Abstract: Particle formation and the design of solid particles and powdery composites with unique properties is at the moment one of major the developments of supercritical fluid (synonyms: dense gases, dense fluids, high pressure) applications. Conventional well-known processes for the particle-size redistribution of solid materials are crushing and grinding (which for some compounds are carried out at cryogenic temperatures), air micronization, sublimation, and recrystallization from solution. There are several problems associated with the above-mentioned processes. Some substances are unstable under conventional milling conditions, in recrysfallization processes the product is contaminated with solvent and waste solvent streams are produced. The application of supercritical fluids may overcome the drawbacks of conventional processes, and powders and composites with special characteristics can be produced. Several processes for the formation and design of solid particles using dense gases have been studied intensively.

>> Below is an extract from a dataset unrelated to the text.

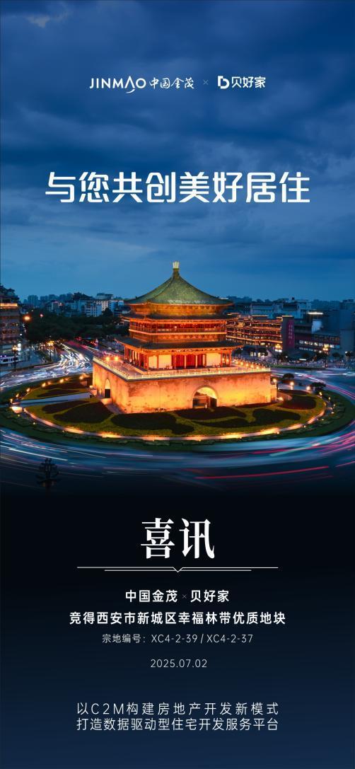 7月2日,西安市新城区陕汽厂南区XC4-2-37、XC4-2-39两地块挂牌出让,由中国金茂和贝好家以总价6.15亿元摘得,折合成交楼面价5263元/平方米。据悉,此次合作中,中国金茂凭借丰富的开发运营经验和突出的产品能力,将主要负责该地块的综合开发运营;贝好家发挥大数据与 AI 能力,负责以C2M(Customer to Manufacturer,从消费者到制造者 理念为项目提供精准产品定位方案。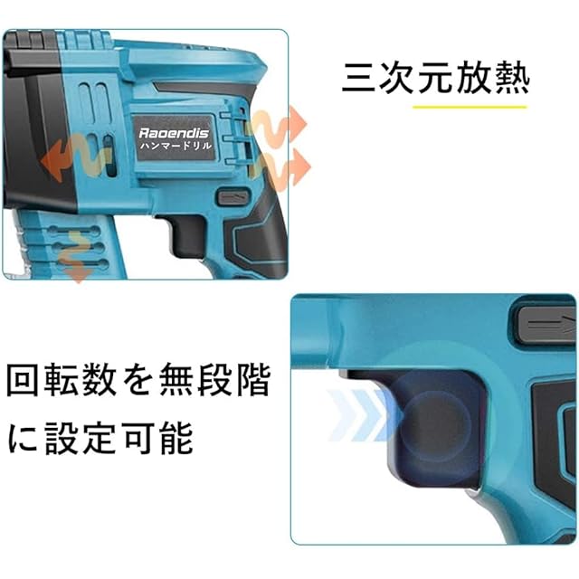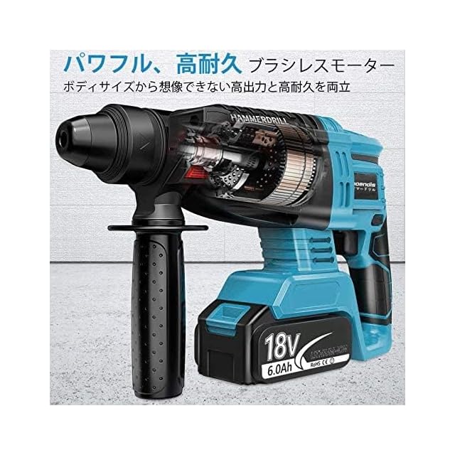 Kyohen 電動ハンマードリル バッテリーなし&収納ケース付き コードレス マキタ18Vバッテリー対応 充電式ハンマードリル 穴あけ コンクリート 鉄工 木工 パワフル プロ仕様 DIY

The unique thermodynamic and fluid-dynamic properties of supercritical fluids can also be used for the impregnation of solid particles, for the formation of solid powderous emulsions, particle coatings, e.g. for the formation of solids with unique properties for use in different applications. This review will focus on the fundamentals and on recent advances of particle formation and design processes using supercritical fluids on their applications and the technological advantages and disadvantages of various processes.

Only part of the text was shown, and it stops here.